/rc_scratch full event
Incident Report for CU Boulder RC
Resolved
With assistance of our user community, we were able to free up space on rc_scratch. Since then, we have enabled per-user quotas on rc_scratch and, while not all users have had quotas implemented yet, this new functionality will give us greater ability to manage near-full events in the future.

We have also added additional monitoring for rc_scratch capacity and fullness.
Posted Aug 04, 2020 - 14:18 MDT
Identified
We have a plan for establishing per-user quotas in /rc_scratch, but this will require a configuration change that will require the file system to be briefly unmounted. As such, we are scheduling a brief outage for our next PM date, 1 July, and will plan to make the change then.

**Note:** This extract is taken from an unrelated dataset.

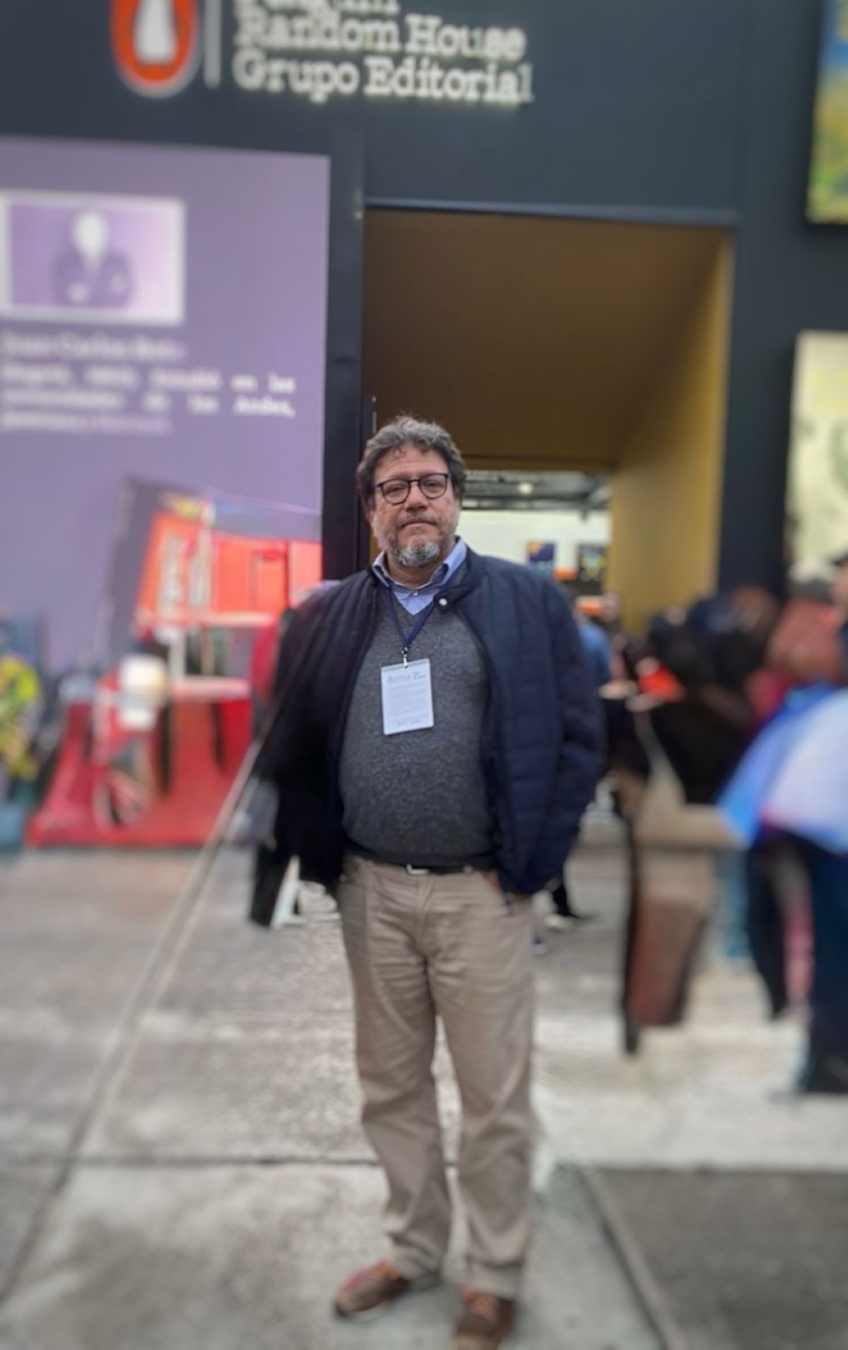 La segunda vez fue en la Feria del Libro del 2023, en Bogotá. Lo vi caminar entre la multitud, pero no me atreví a acercarme. Se veía como un señor serio, alto. Vestía una chaqueta azul, pantalones caqui y un saco gris. Su cabello, un poco desordenado. Saludarlo en ese momento era difícil: la cantidad de personas a su alrededor lo arrastraba como si fuera parte de la corriente humana.

In the mean time, at least some space has been freed, and rc_scratch is now showing 85% full with 16T available. Per-user quotas have been partially implemented for a few rc_scratch storage outliers, and we will be working with them individually to try to allow them to work until the quota configuration change is made.
Posted Jun 19, 2020 - 12:08 MDT
Investigating
The /rc_scratch file system, mostly used during Blanca computation, is full. We are working on a plan and hope to implement it today. Until then, individuals are being contacted to ask them to free up space.

Be advised: data is, as always, automatically removed from /rc_scratch after 90 days; but bursts of write activity within that time window can fill the file system.
Posted Jun 19, 2020 - 09:28 MDT
This incident affected: Blanca.